→ Input
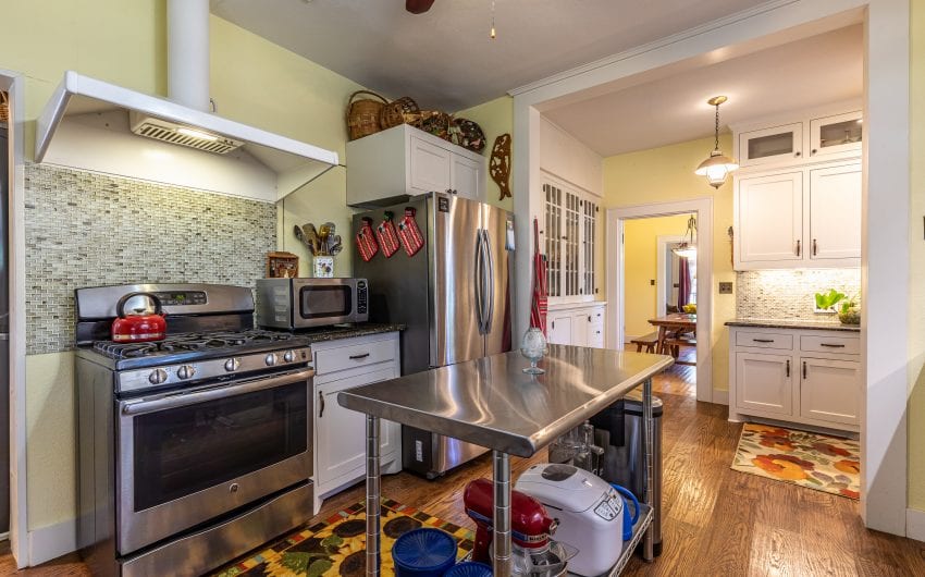 SOLD The best of both worlds! Charming turn of the century craftsman style home with all of the modern updates you are looking for. This well cared for home boasts three large bedrooms and a spa like bathroom with a garden tub and separate shower. You must see this gorgeous kitchen with granite counters, lighted glass front cabinets overhead, and a separate butler’s kitchen with prep sink. The living room has a wood burning fireplace with beautiful built-ins. Wood floors throughout the home. All of this is situated on a large corner double lot with mature trees. Call for your personal tour today!
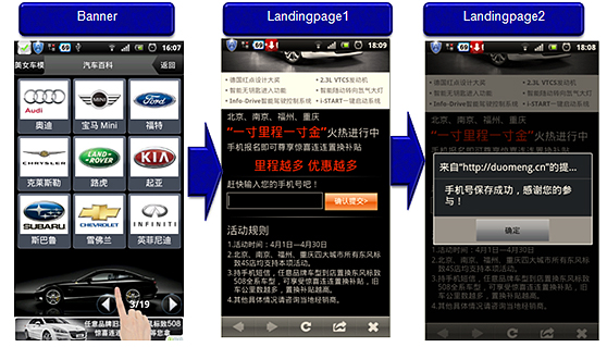 作為中國第一智能手機(jī)廣告平臺的多盟(domob)能夠針對人群定向營銷,做到精準(zhǔn)無線營銷。多盟通過LBS技術(shù)進(jìn)行精準(zhǔn)投放,能夠為定向人群提供新車上市,促銷活動等信息,也可以招募用戶進(jìn)行試駕,同時能夠幫助用戶找到距離最近的4S店,提供更貼心,更細(xì)致的服務(wù)。
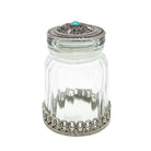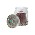 This beautiful ridged glass jar features an intricately designed base with floral patterns and delicate heart motifs at the top. At the lids center lies a stunning round turquoise matrix stone, surrounded by glistening Austrian padparadscha crystals and European baguette crystals that catch the light with every movement. A blend of elegance and charm, this jewelry is a radiant addition to any collection.
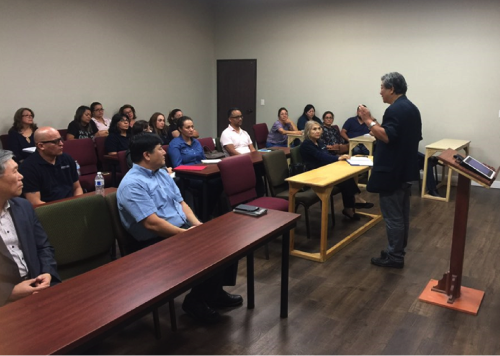 스페니쉬권에서 사역하는 기독교 사역자를 양성하고자 새롭게 개설된 본교 라틴 아메리칸 프로그램의 신입생 오리엔테이션이 지난 9월27일(수)에 있었다. 이 날 신입생 20여명과 본교 임성진 부총장, 신선묵 교수, 이준성 교수, 장경호 목사가 참석한 가운데 학교소개 및 교과내용과 학사일정을 안내하는 시간을 가졌다. 선교의 새바람이 뜨겁게 일고 있는 라틴 아메리카의 선교의 구심점 역할을 감당하고자 신학의 첫 발을 내딛은 이들의 각오가 사뭇 진지하게 내비쳤다. 신입생들은 앞으로 라틴 아메리칸 프로그램을 통해 성서학 준학사(AABS), 성서학 학사(BABS) 등의 미국 정규 학위과정을 공부하게 된다. 본교 라틴 아메리칸 프로그램을 위해 담당 디렉터로 이준성 교수가 임명되었고, 장경호 목사와 이에스텔라가 코디네이터로 함께 일하게 되었다.
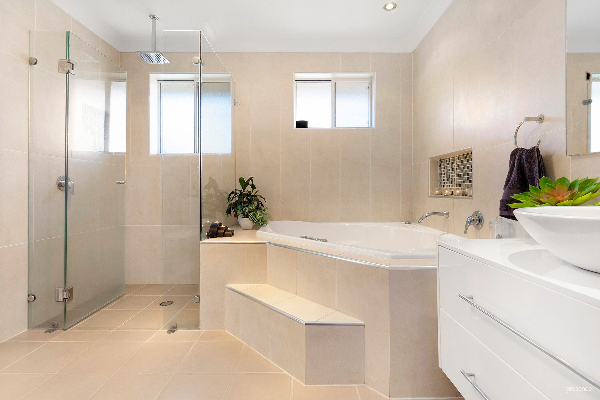 – Full-size spa bathroom with heated towel rail and ensuite access from master bedroom
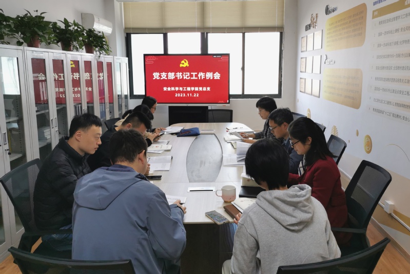 11月22日下午,安全科学与工程公司党总支在逸夫楼510召开支部书记工作例会,公司党总支书记吕琳华、副书记陈子威、各支部书记和副书记参加。
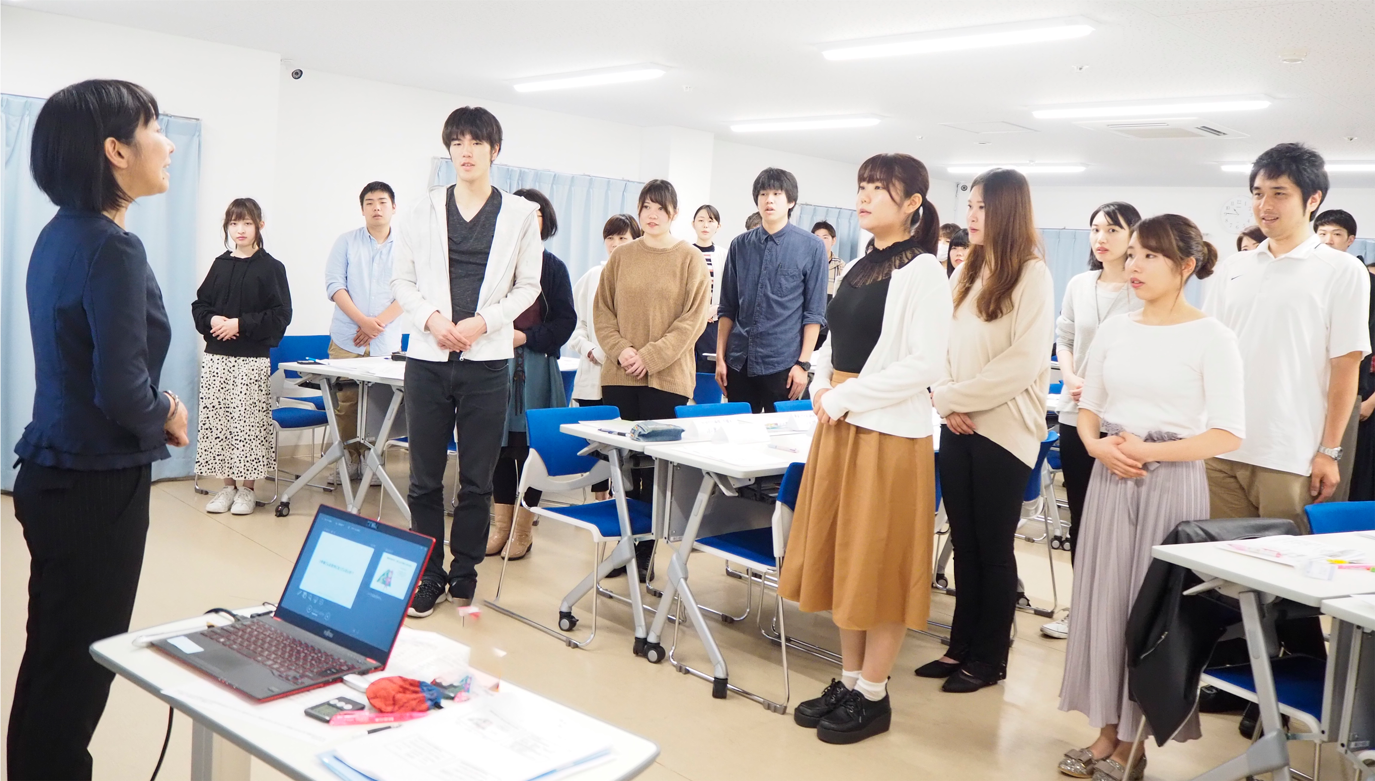 全体研修の翌日から職種別研修(2~3日)が始まります。 各職種の業務内容や1日のタイムスケジュールなど実務の説明を受けつつ、事前に先輩社員とコミュニケーションをとることで、 配属前の緊張や疑問を減らし、仕事に前向きに取り組めるよう新入社員をフォローします。 研修後に先輩社員を交えた懇親会を実施している職種もあります。
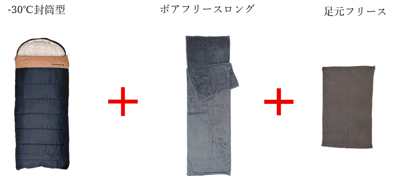 ・寝袋付属の足元インナーフリースとボアフリースロングを使用
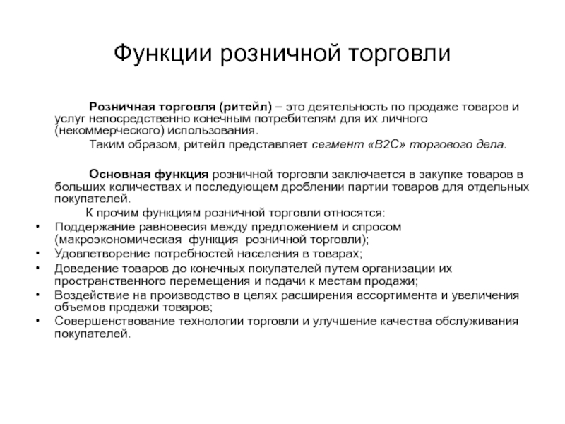 Основная функция розничной торговли заключается в закупке товаров в больших количествах и последующем дроблении партии товаров для отдельных покупателей.
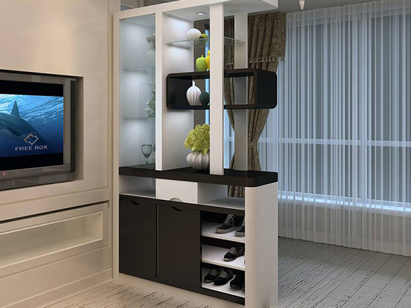 大多數家庭的客廳進門玄關隔斷都會與鞋櫃組合在一起,上半部分可以放些裝飾品或是收納些生活用品,而下面可以用來擺放鞋子,一舉兩得。而且玄關隔斷通常做成白色的櫃體,給人一種整潔、清晰的感覺,讓人們留下好印象。
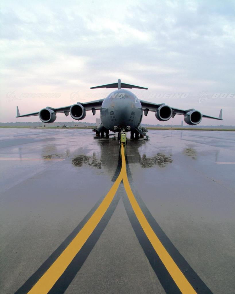 The C-17 Globemaster III is a high-wing, four-engine, T-tailed aircraft with a rear loading ramp. With its 160,000-pound payload, the C-17 can take off from a 7,600-foot airfield, fly 2,400 nautical miles and land on a small, austere airfield in 3,000 feet or less. On the ground, a fully loaded aircraft, using engine reversers, can back up a 2 percent slope. During normal testing, C-17s set 22 world records, including payload to altitude time-to-climb and the short takeoff and landing mark, in which the C-17 took off in less than 1,400 feet, carried a payload of 44,000 pounds to altitude and landed in less than 1,400 feet. Deployed in June 1993, it won the Collier Trophy in 1994, symbolizing the top aeronautical achievement of 1994.
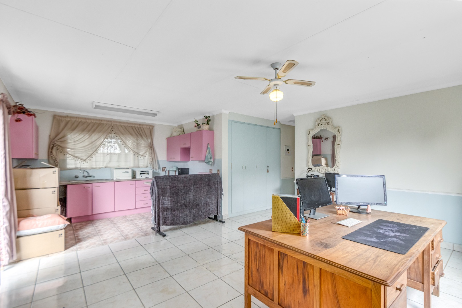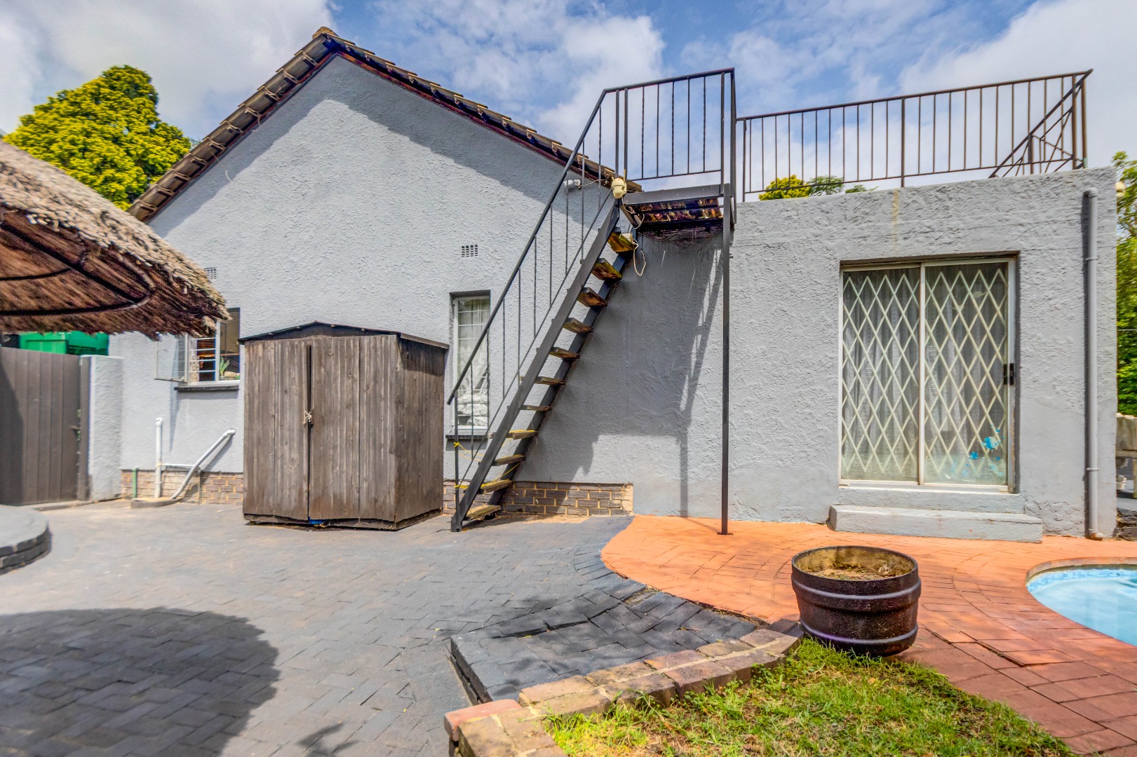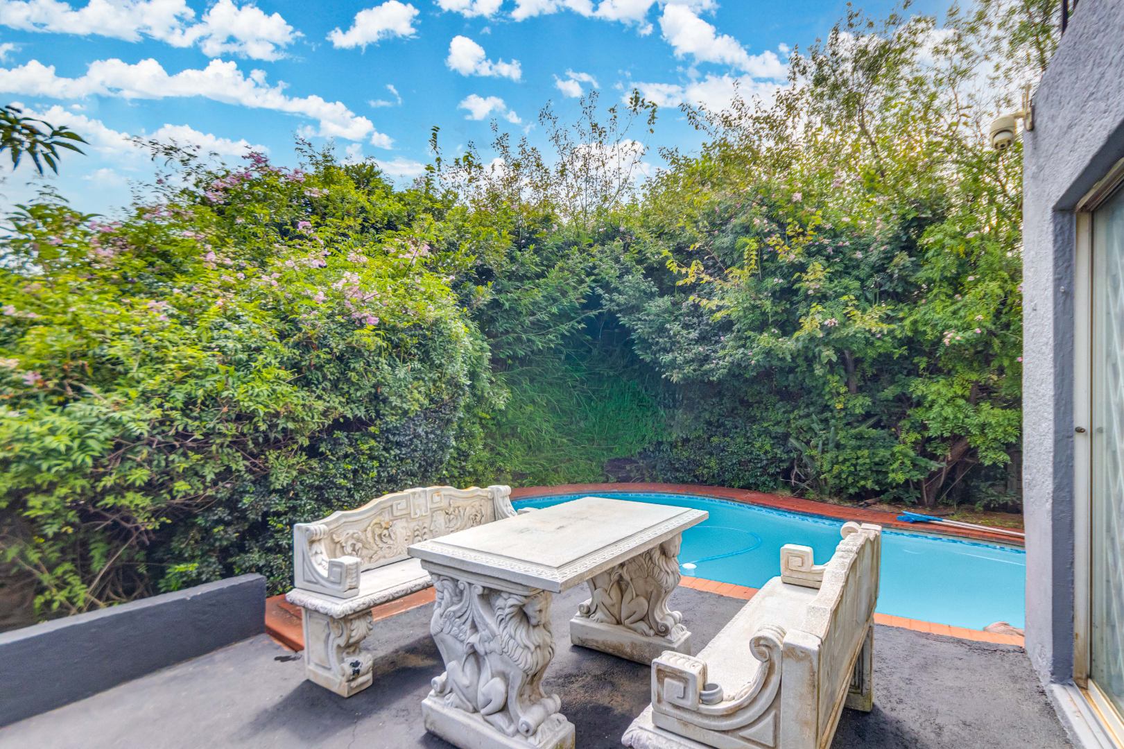 The property also offers a self-contained flatlet with two bedrooms, a bathroom, and open-plan kitchen, dining, and lounge area with its own patio—perfect for guests or rental potential. Staff quarters with a full bathroom or optional laundry area add further flexibility.
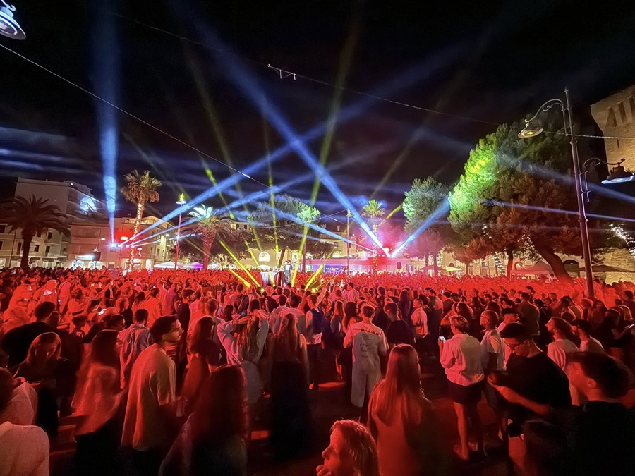 L’evento, firmato DOOM Studio, ha unito musica, luci e arti visive in un’esperienza senza precedenti. La facciata del Kursal è diventata una tela luminosa grazie al videomapping, mentre la consolle, posizionata su una pedana girevole sopra la fontana della piazza, ha proiettato il pubblico in uno spettacolo a 360 gradi.
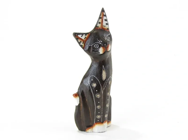 Dřevěná kočička je ručně vyřezaná z lehčího tropického dřeva. Vyrobena byla v Indonésii. Kočka má barvu tmavě hnědou. Celá přední strana kočky je ručně pomalována barvou bílou a světle hnědou. Zadní strana je nemalovaná, hnědá.
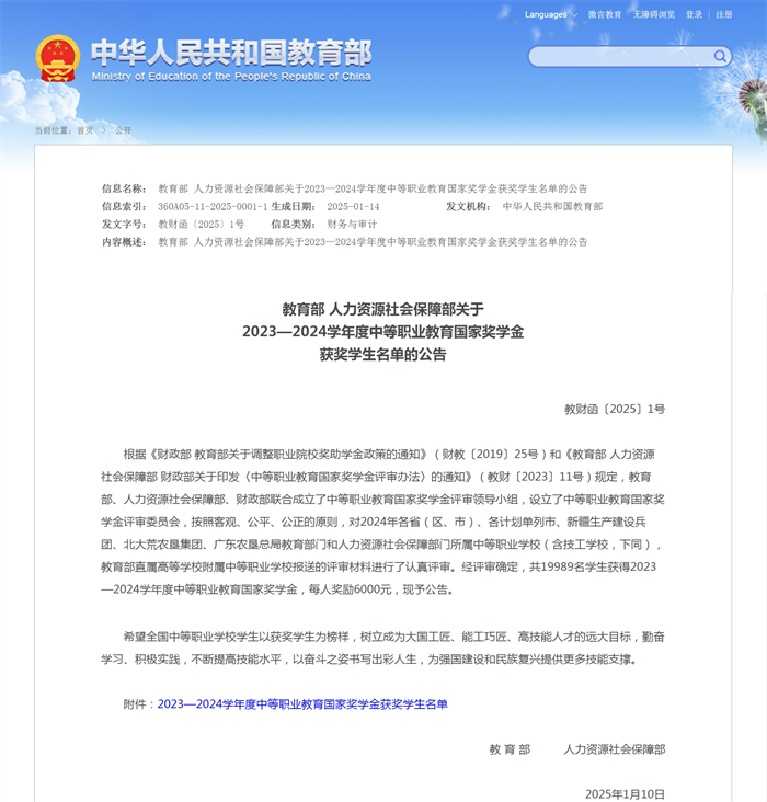 2024年12月 2023-2024学年度国家奖学金
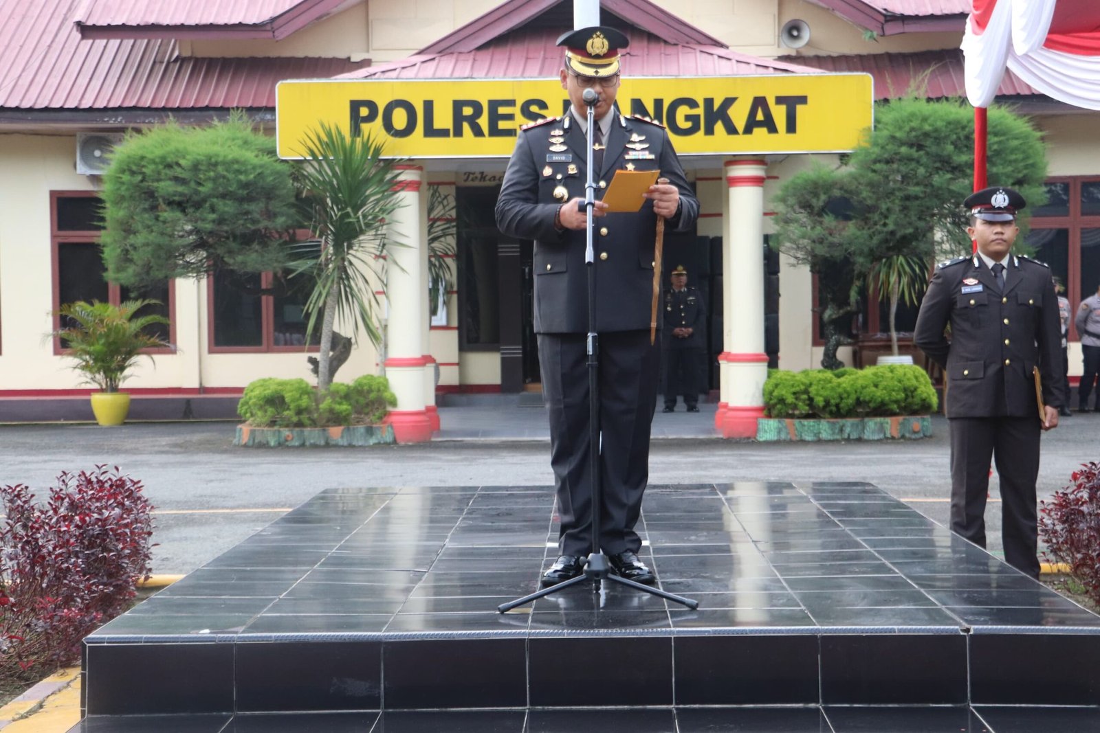Upacara tersebut dihadiri oleh Wakapolres Langkat, para Pejabat Utama (PJU), Perwira Pertama (Pama), Bintara, serta Aparatur Sipil Negara (ASN) Polres Langkat. Seluruh rangkaian kegiatan berlangsung dengan khidmat dan tertib.
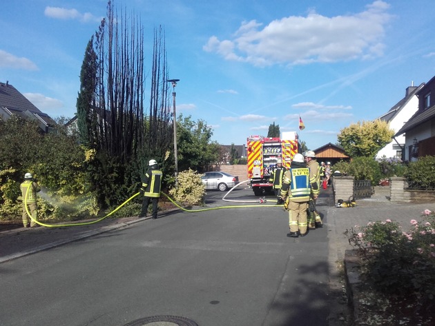 Am Samstagabend geriet in Halingen eine Koniferen-Hecke in Brand, auf Grund der Trockenheit breitete sich das Feuer schnell aus. Ein in der Nähe abgestellter PKW und eine Straßenlaterne wurden durch die Hitzeeinwirkung beschädigt. Zufällig vorbeikommende Jugendliche griffen beherzt ein und konnten mit einem Feuerlöscher die Ausbreitung auf eine Garage verhindern. Die Löschgruppe Halingen der Freiwilligen Feuerwehr traf bereits nach wenigen Minuten am Einsatzort im Waldweg ein und konnte das Feuer schnell unter Kontrolle bringen.
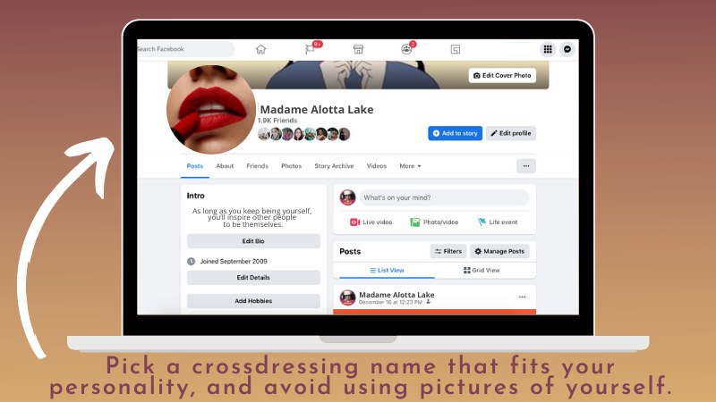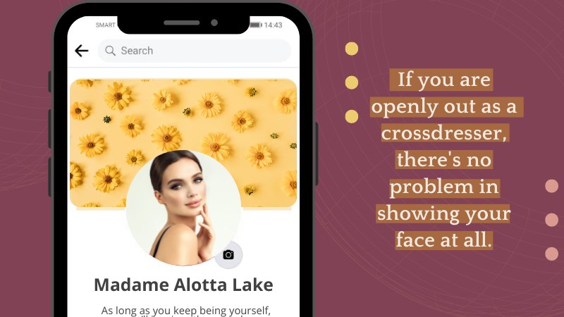To get more freedom in your social media, it may be a good choice to create a new profile in them. Pick a crossdressing name that fits your personality, and avoid using pictures of yourself. That’s to avoid being recognized. But if you are openly out as a crossdresser, or feel confident enough, there’s no problem in showing your face at all.
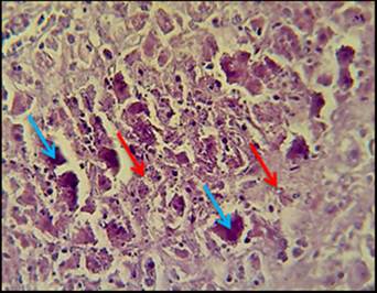 Fig. 7: Histopathological section in liver of animal administration with cholesterol showed fibrosis around multiple hepatic masses (red arrows) consisting from necrotic and apoptotic hepatocytes (blue arrows) with proliferation of certain hepatocytes (H and E stain 40X)
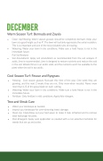 • Clean Up/Mowing: Warm season grasses should be completely dormant. Keep your lawn at a good height such as 4”. The lawn will certainly appreciate the extra insulation. This is so important and one of the most violated rules of mowing.

→ Exercise description
Could you repeat exactly the lines from the first one of the records above through the line containing "大多數家庭的客廳進門玄關隔斷", leaving out any pictures?

→ The answer
 SOLD The best of both worlds! Charming turn of the century craftsman style home with all of the modern updates you are looking for. This well cared for home boasts three large bedrooms and a spa like bathroom with a garden tub and separate shower. You must see this gorgeous kitchen with granite counters, lighted glass front cabinets overhead, and a separate butler’s kitchen with prep sink. The living room has a wood burning fireplace with beautiful built-ins. Wood floors throughout the home. All of this is situated on a large corner double lot with mature trees. Call for your personal tour today!
 作為中國第一智能手機(jī)廣告平臺的多盟(domob)能夠針對人群定向營銷,做到精準(zhǔn)無線營銷。多盟通過LBS技術(shù)進(jìn)行精準(zhǔn)投放,能夠為定向人群提供新車上市,促銷活動等信息,也可以招募用戶進(jìn)行試駕,同時能夠幫助用戶找到距離最近的4S店,提供更貼心,更細(xì)致的服務(wù)。
 This beautiful ridged glass jar features an intricately designed base with floral patterns and delicate heart motifs at the top. At the lids center lies a stunning round turquoise matrix stone, surrounded by glistening Austrian padparadscha crystals and European baguette crystals that catch the light with every movement. A blend of elegance and charm, this jewelry is a radiant addition to any collection.
 스페니쉬권에서 사역하는 기독교 사역자를 양성하고자 새롭게 개설된 본교 라틴 아메리칸 프로그램의 신입생 오리엔테이션이 지난 9월27일(수)에 있었다. 이 날 신입생 20여명과 본교 임성진 부총장, 신선묵 교수, 이준성 교수, 장경호 목사가 참석한 가운데 학교소개 및 교과내용과 학사일정을 안내하는 시간을 가졌다. 선교의 새바람이 뜨겁게 일고 있는 라틴 아메리카의 선교의 구심점 역할을 감당하고자 신학의 첫 발을 내딛은 이들의 각오가 사뭇 진지하게 내비쳤다. 신입생들은 앞으로 라틴 아메리칸 프로그램을 통해 성서학 준학사(AABS), 성서학 학사(BABS) 등의 미국 정규 학위과정을 공부하게 된다. 본교 라틴 아메리칸 프로그램을 위해 담당 디렉터로 이준성 교수가 임명되었고, 장경호 목사와 이에스텔라가 코디네이터로 함께 일하게 되었다.
 – Full-size spa bathroom with heated towel rail and ensuite access from master bedroom
 11月22日下午,安全科学与工程公司党总支在逸夫楼510召开支部书记工作例会,公司党总支书记吕琳华、副书记陈子威、各支部书记和副书记参加。
 全体研修の翌日から職種別研修(2~3日)が始まります。 各職種の業務内容や1日のタイムスケジュールなど実務の説明を受けつつ、事前に先輩社員とコミュニケーションをとることで、 配属前の緊張や疑問を減らし、仕事に前向きに取り組めるよう新入社員をフォローします。 研修後に先輩社員を交えた懇親会を実施している職種もあります。
 ・寝袋付属の足元インナーフリースとボアフリースロングを使用
 Основная функция розничной торговли заключается в закупке товаров в больших количествах и последующем дроблении партии товаров для отдельных покупателей.
 大多數家庭的客廳進門玄關隔斷都會與鞋櫃組合在一起,上半部分可以放些裝飾品或是收納些生活用品,而下面可以用來擺放鞋子,一舉兩得。而且玄關隔斷通常做成白色的櫃體,給人一種整潔、清晰的感覺,讓人們留下好印象。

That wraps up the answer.